Write the data out again, character for character, with no images.

> [EXERCISE DATA]
-*-*-
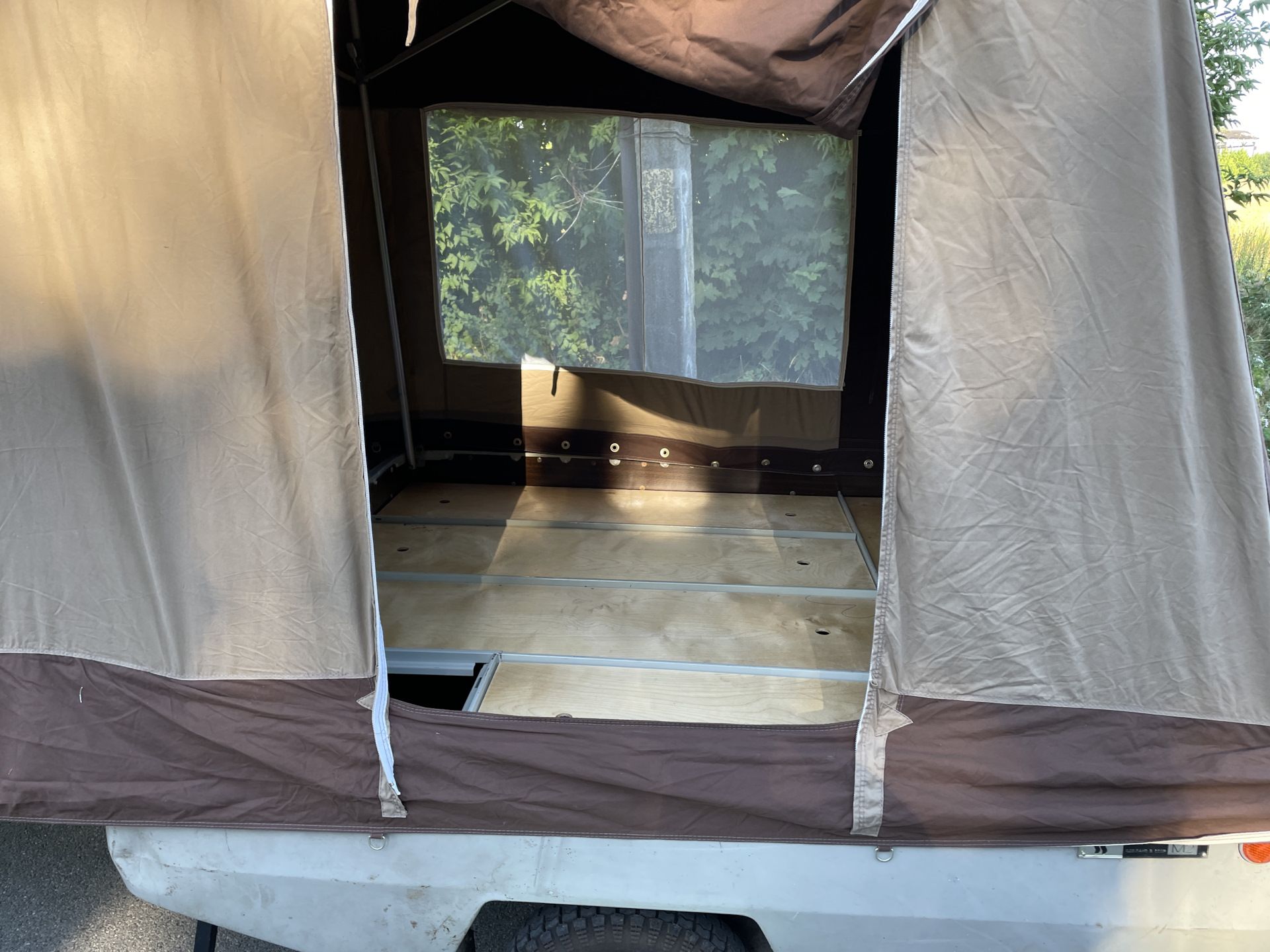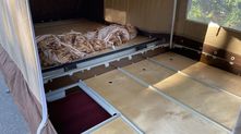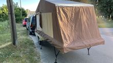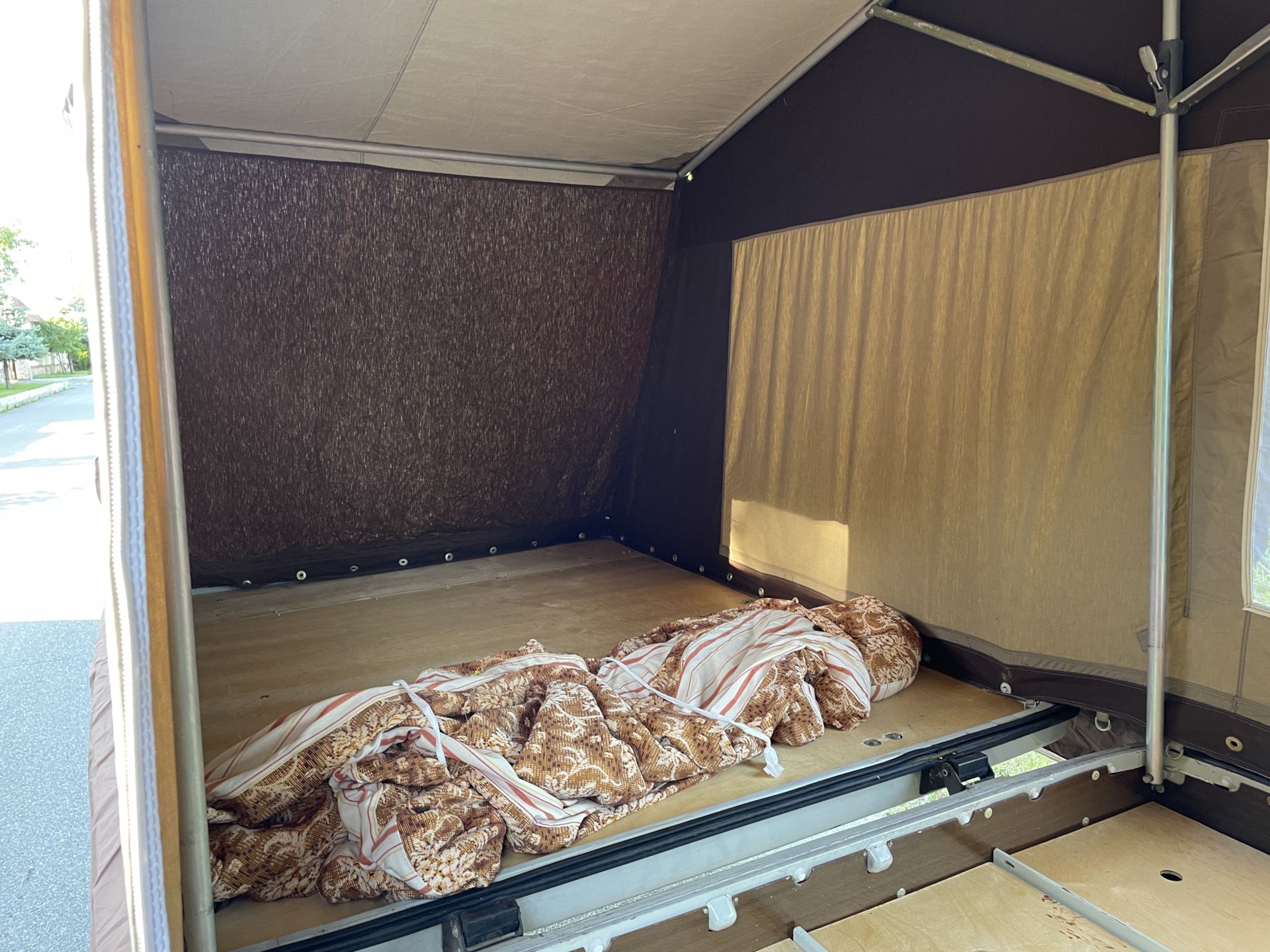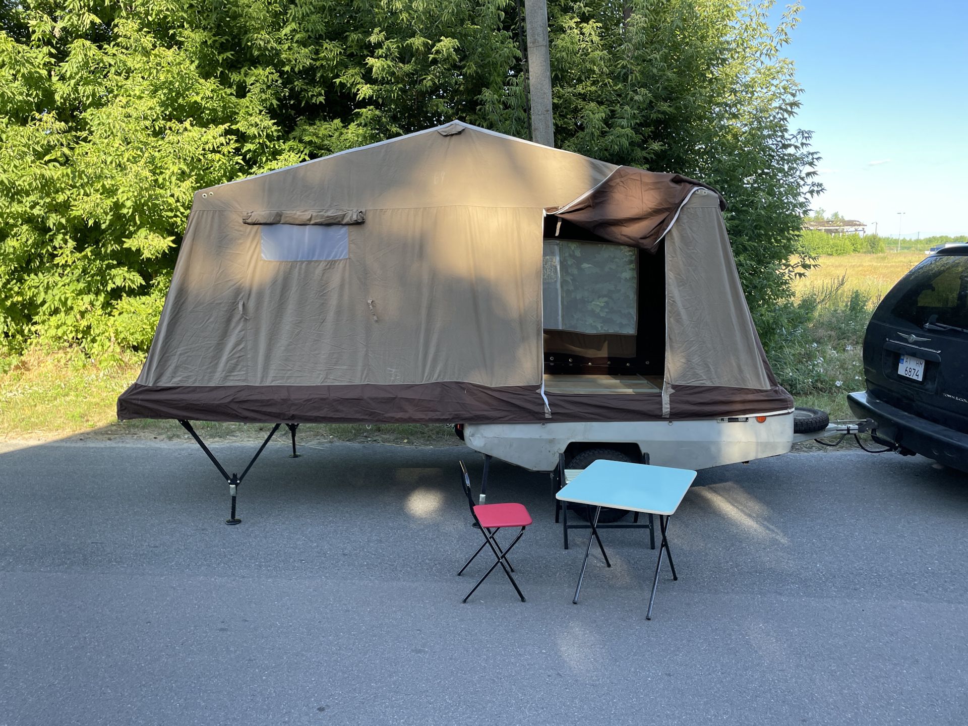 Примечательно, что в разложенном виде прицеп увеличивается в размерах в пять (а то и больше) раз. Большая часть палатки держится при помощи алюминиевых стоек — подпорных домкратов. При этом конструкция более чем надежная и устойчивая.
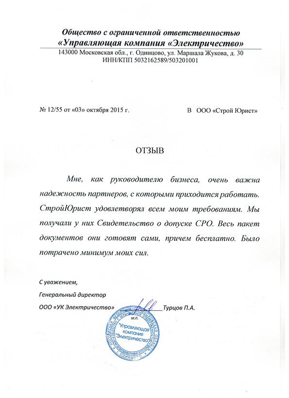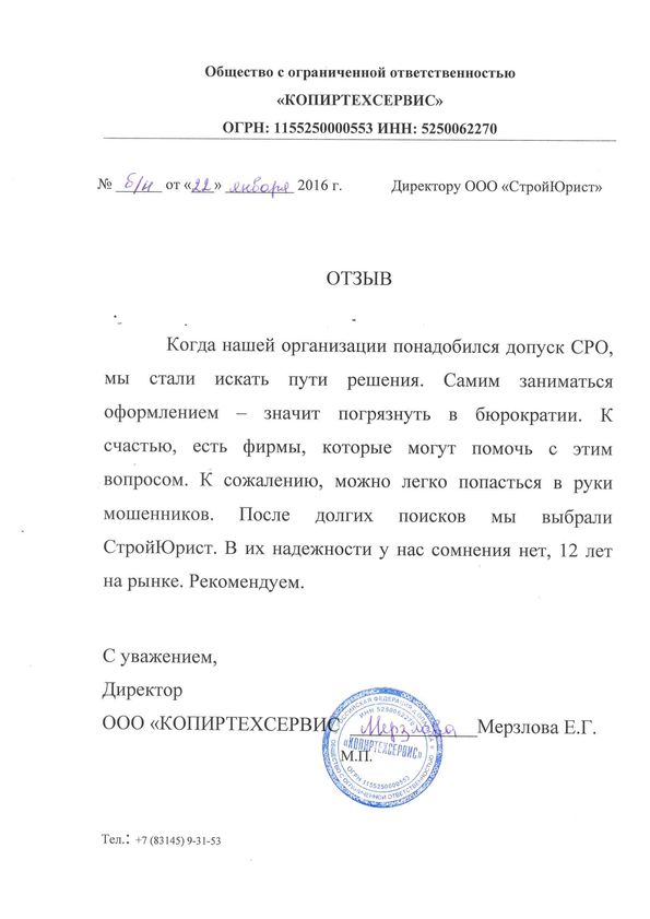 Отзывы клиентов "СтройЮрист" по вступлению в СРО в Петропавловске-Камчатском
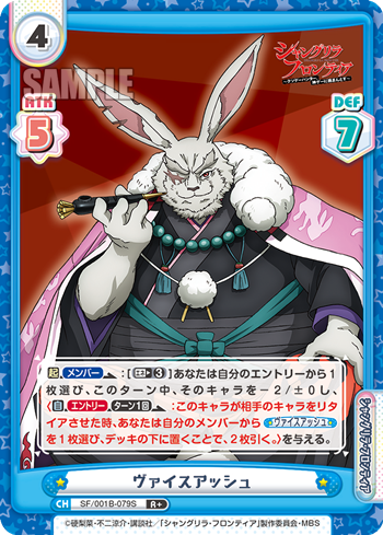 【起】【メンバー】:[エネ③]あなたは自分のエントリーから1枚選び、このターン中、そのキャラを-2/±0し、〈【自】【エントリー】【ターン1】:このキャラが相手のキャラをリタイアさせた時、あなたは自分のメンバーから《ヴァイスアッシュ》を1枚選び、デッキの下に置くことで、2枚引く。〉を与える。
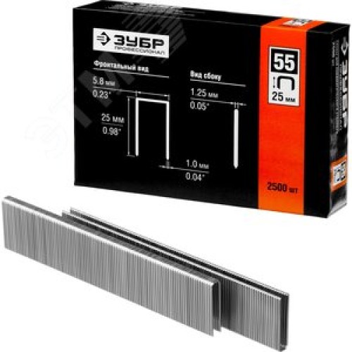 Скобы для степлера тонкие 25 мм, широкие тип 55, 2500 шт
-*-*-
> [OUTPUT FOR THIS TASK]
 Примечательно, что в разложенном виде прицеп увеличивается в размерах в пять (а то и больше) раз. Большая часть палатки держится при помощи алюминиевых стоек — подпорных домкратов. При этом конструкция более чем надежная и устойчивая.
 Отзывы клиентов "СтройЮрист" по вступлению в СРО в Петропавловске-Камчатском
 【起】【メンバー】:[エネ③]あなたは自分のエントリーから1枚選び、このターン中、そのキャラを-2/±0し、〈【自】【エントリー】【ターン1】:このキャラが相手のキャラをリタイアさせた時、あなたは自分のメンバーから《ヴァイスアッシュ》を1枚選び、デッキの下に置くことで、2枚引く。〉を与える。
 Скобы для степлера тонкие 25 мм, широкие тип 55, 2500 шт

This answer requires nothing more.